— EXERCISE REQUIREMENTS —
When you restate the data, keep every word as it is and drop the images.

— SUPPLIED INFORMATION —
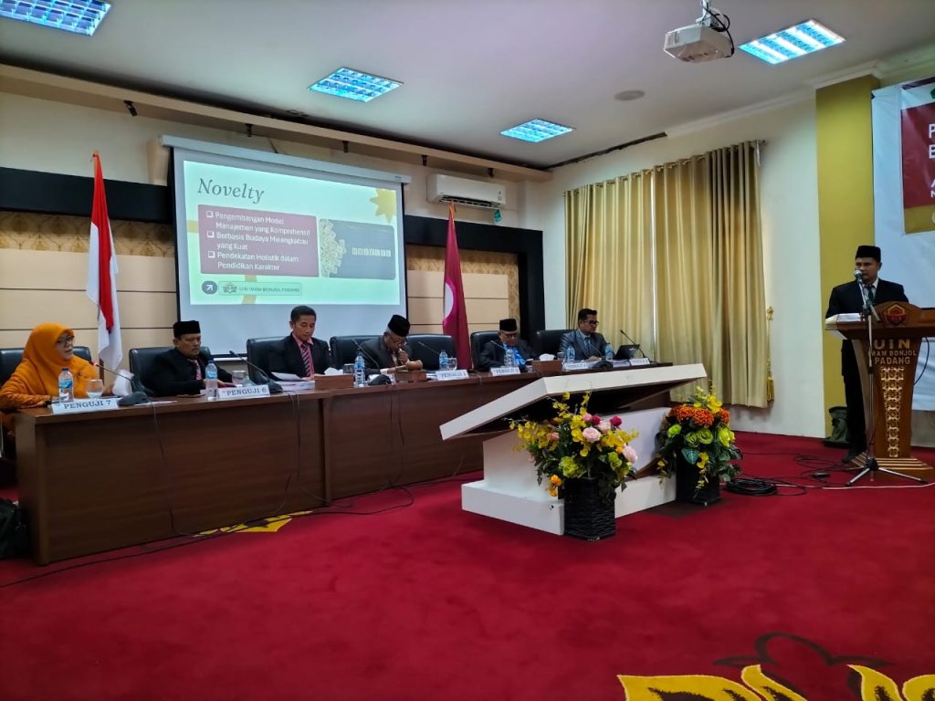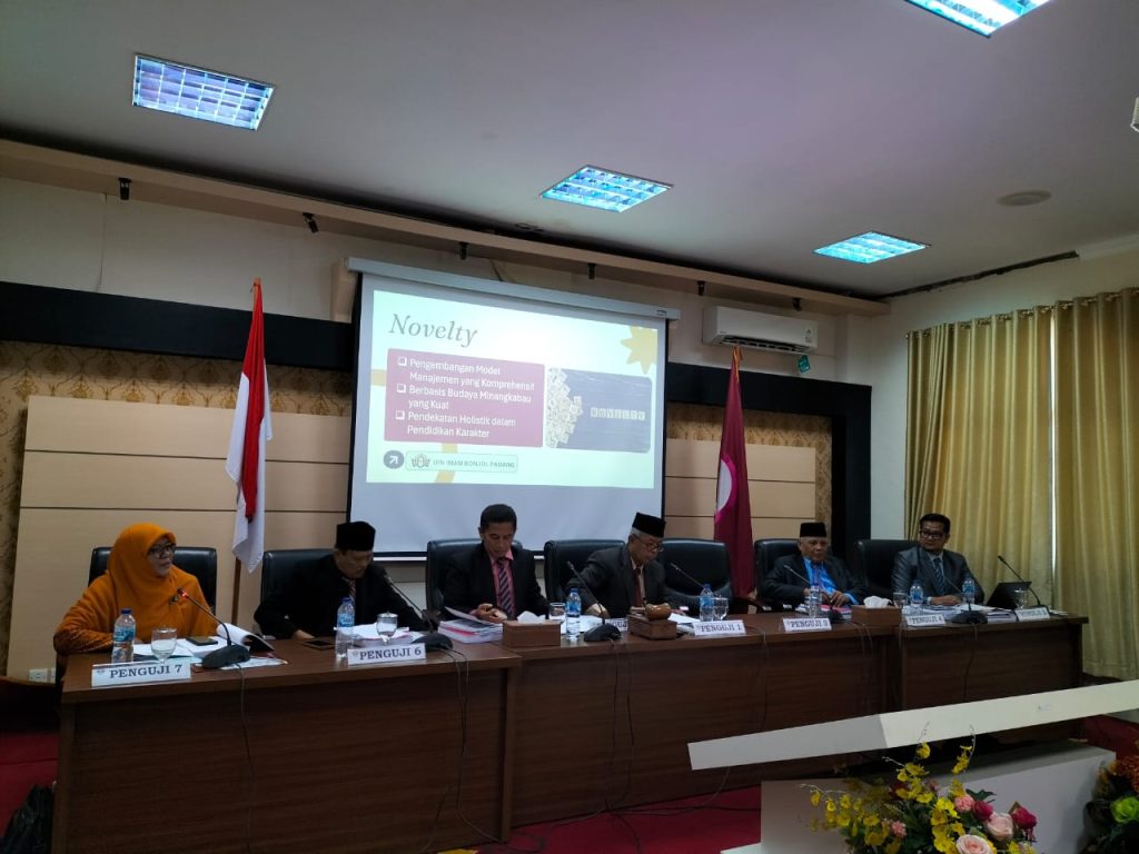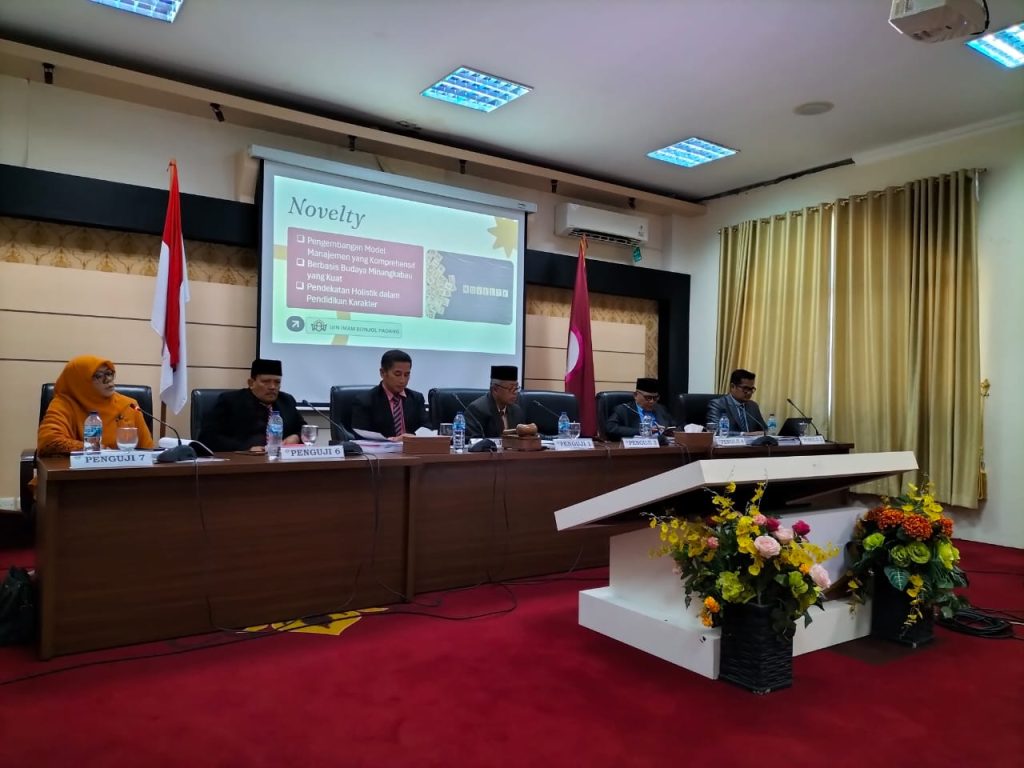 Rabu tanggal 21 Mei 2025 Pascasarjana UIN Imam Bonjol Padang melaksanakan ujian terbuka Prodi S3. Pendidikan Islam atas nama Andi Fery.Dilaksanakan di Aula Pascasarjana UIN Imam Bonjol Padang Jalan. M. Yunus Lubuk Lintah kota Padang. Promovendus memaparkan dan mempertahankan Disertasinya yang berjudul “Pengembangan Model Manajemen Pendidikan Karakter Berbasis Budaya Minangkabau di SMP Negeri Kota Solok”, dihadapan penguji sbb:
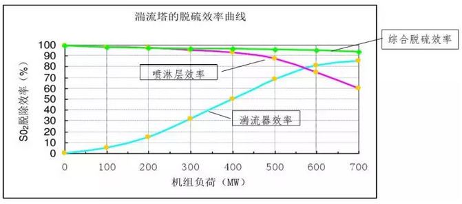 (煙氣入口SO2為2500mg/Nm3的600MW機(jī)組系統(tǒng)的脫硫效率曲線)
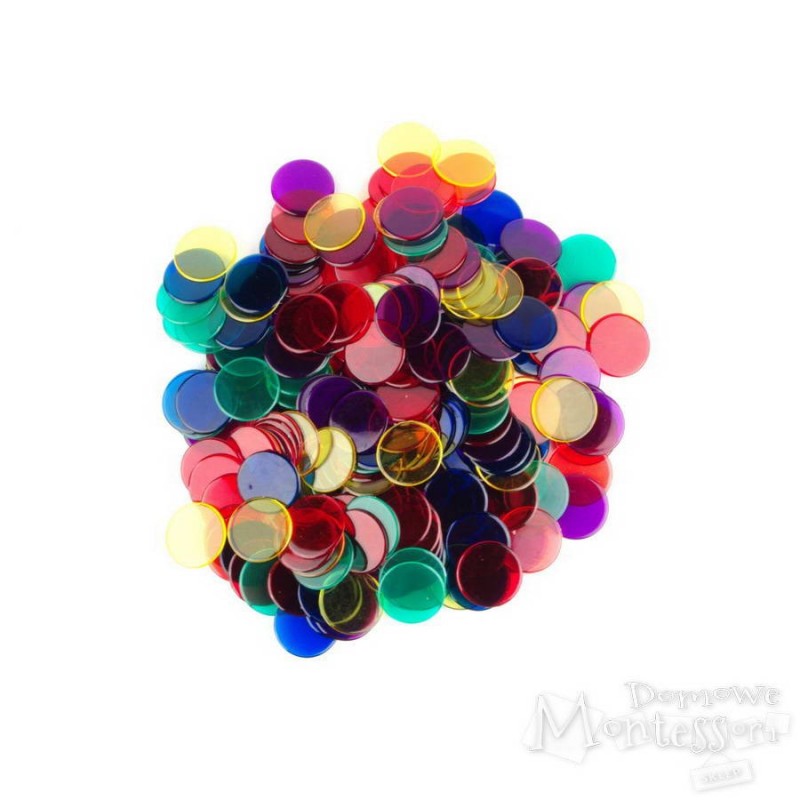 Zestaw liczmanów w 6 kolorach to sposób na urozmaicenie nauki liczenia, ale też sortowania czy odtwarzania przygotowanego wzoru. Półprzezroczyste kółeczka można nakładać na siebie i obserwować, jak zmieniają się (mieszają) kolory. Idealne do zabawy na stoliku świetlnym.
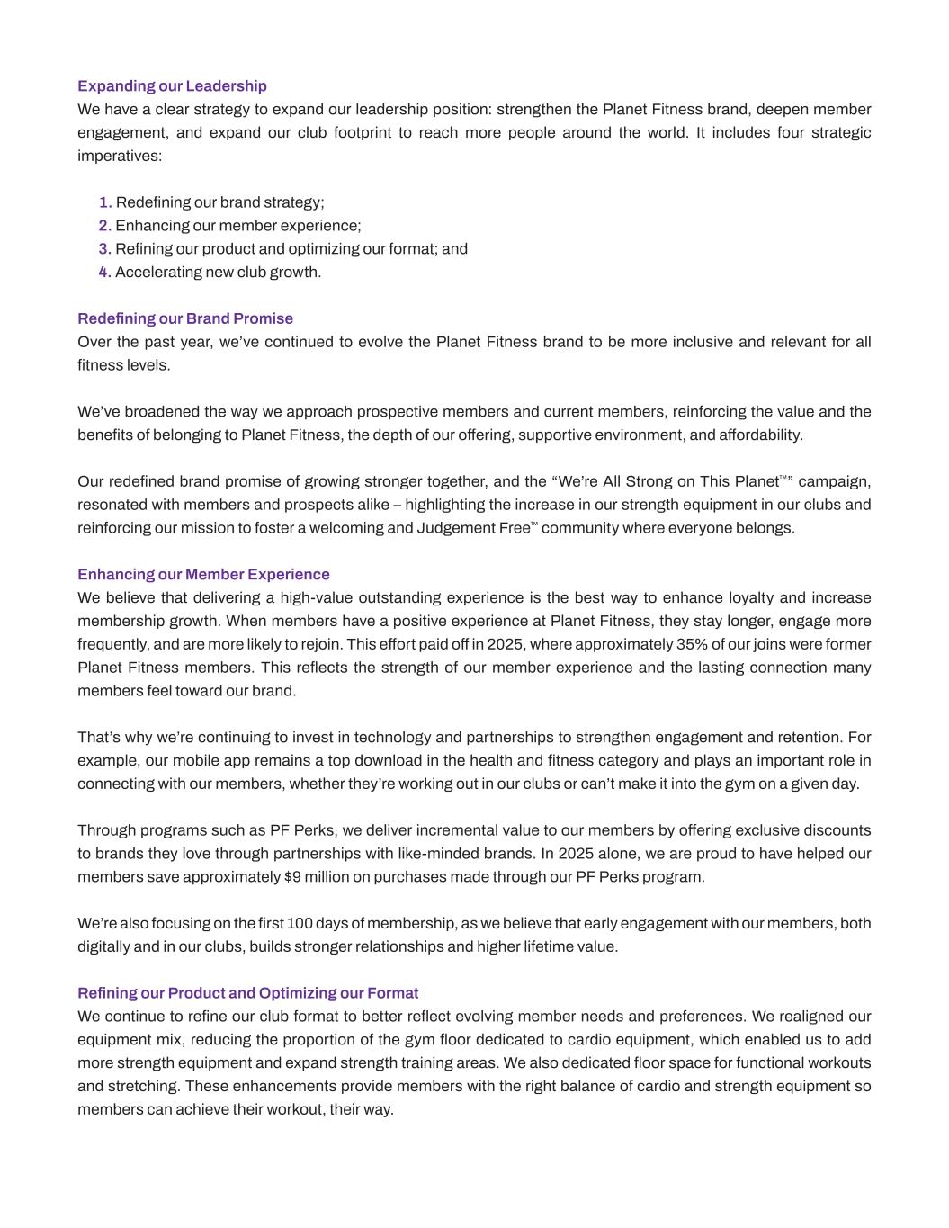 Expanding our Leadership We have a clear strategy to expand our leadership position: strengthen the Planet Fitness brand, deepen member engagement, and expand our club footprint to reach more people around the world. It includes four strategic imperatives: 1. Redefining our brand strategy; 2. Enhancing our member experience; 3. Refining our product and optimizing our format; and 4. Accelerating new club growth. Redefining our Brand Promise Over the past year, we’ve continued to evolve the Planet Fitness brand to be more inclusive and relevant for all fitness levels. We’ve broadened the way we approach prospective members and current members, reinforcing the value and the benefits of belonging to Planet Fitness, the depth of our offering, supportive environment, and affordability. Our redefined brand promise of growing stronger together, and the “We’re All Strong on This Planet™” campaign, resonated with members and prospects alike – highlighting the increase in our strength equipment in our clubs and reinforcing our mission to foster a welcoming and Judgement Free™ community where everyone belongs. Enhancing our Member Experience We believe that delivering a high-value outstanding experience is the best way to enhance loyalty and increase membership growth. When members have a positive experience at Planet Fitness, they stay longer, engage more frequently, and are more likely to rejoin. This effort paid off in 2025, where approximately 35% of our joins were former Planet Fitness members. This reflects the strength of our member experience and the lasting connection many members feel toward our brand. That’s why we’re continuing to invest in technology and partnerships to strengthen engagement and retention. For example, our mobile app remains a top download in the health and fitness category and plays an important role in connecting with our members, whether they’re working out in our clubs or can’t make it into the gym on a given day. Through programs such as PF Perks, we deliver incremental value to our members by offering exclusive discounts to brands they love through partnerships with like-minded brands. In 2025 alone, we are proud to have helped our members save approximately $9 million on purchases made through our PF Perks program. We’re also focusing on the first 100 days of membership, as we believe that early engagement with our members, both digitally and in our clubs, builds stronger relationships and higher lifetime value. Refining our Product and Optimizing our Format We continue to refine our club format to better reflect evolving member needs and preferences. We realigned our equipment mix, reducing the proportion of the gym floor dedicated to cardio equipment, which enabled us to add more strength equipment and expand strength training areas. We also dedicated floor space for functional workouts and stretching. These enhancements provide members with the right balance of cardio and strength equipment so members can achieve their workout, their way.

— EXPECTED ANSWER —
 Rabu tanggal 21 Mei 2025 Pascasarjana UIN Imam Bonjol Padang melaksanakan ujian terbuka Prodi S3. Pendidikan Islam atas nama Andi Fery.Dilaksanakan di Aula Pascasarjana UIN Imam Bonjol Padang Jalan. M. Yunus Lubuk Lintah kota Padang. Promovendus memaparkan dan mempertahankan Disertasinya yang berjudul “Pengembangan Model Manajemen Pendidikan Karakter Berbasis Budaya Minangkabau di SMP Negeri Kota Solok”, dihadapan penguji sbb:
 (煙氣入口SO2為2500mg/Nm3的600MW機(jī)組系統(tǒng)的脫硫效率曲線)
 Zestaw liczmanów w 6 kolorach to sposób na urozmaicenie nauki liczenia, ale też sortowania czy odtwarzania przygotowanego wzoru. Półprzezroczyste kółeczka można nakładać na siebie i obserwować, jak zmieniają się (mieszają) kolory. Idealne do zabawy na stoliku świetlnym.
 Expanding our Leadership We have a clear strategy to expand our leadership position: strengthen the Planet Fitness brand, deepen member engagement, and expand our club footprint to reach more people around the world. It includes four strategic imperatives: 1. Redefining our brand strategy; 2. Enhancing our member experience; 3. Refining our product and optimizing our format; and 4. Accelerating new club growth. Redefining our Brand Promise Over the past year, we’ve continued to evolve the Planet Fitness brand to be more inclusive and relevant for all fitness levels. We’ve broadened the way we approach prospective members and current members, reinforcing the value and the benefits of belonging to Planet Fitness, the depth of our offering, supportive environment, and affordability. Our redefined brand promise of growing stronger together, and the “We’re All Strong on This Planet™” campaign, resonated with members and prospects alike – highlighting the increase in our strength equipment in our clubs and reinforcing our mission to foster a welcoming and Judgement Free™ community where everyone belongs. Enhancing our Member Experience We believe that delivering a high-value outstanding experience is the best way to enhance loyalty and increase membership growth. When members have a positive experience at Planet Fitness, they stay longer, engage more frequently, and are more likely to rejoin. This effort paid off in 2025, where approximately 35% of our joins were former Planet Fitness members. This reflects the strength of our member experience and the lasting connection many members feel toward our brand. That’s why we’re continuing to invest in technology and partnerships to strengthen engagement and retention. For example, our mobile app remains a top download in the health and fitness category and plays an important role in connecting with our members, whether they’re working out in our clubs or can’t make it into the gym on a given day. Through programs such as PF Perks, we deliver incremental value to our members by offering exclusive discounts to brands they love through partnerships with like-minded brands. In 2025 alone, we are proud to have helped our members save approximately $9 million on purchases made through our PF Perks program. We’re also focusing on the first 100 days of membership, as we believe that early engagement with our members, both digitally and in our clubs, builds stronger relationships and higher lifetime value. Refining our Product and Optimizing our Format We continue to refine our club format to better reflect evolving member needs and preferences. We realigned our equipment mix, reducing the proportion of the gym floor dedicated to cardio equipment, which enabled us to add more strength equipment and expand strength training areas. We also dedicated floor space for functional workouts and stretching. These enhancements provide members with the right balance of cardio and strength equipment so members can achieve their workout, their way.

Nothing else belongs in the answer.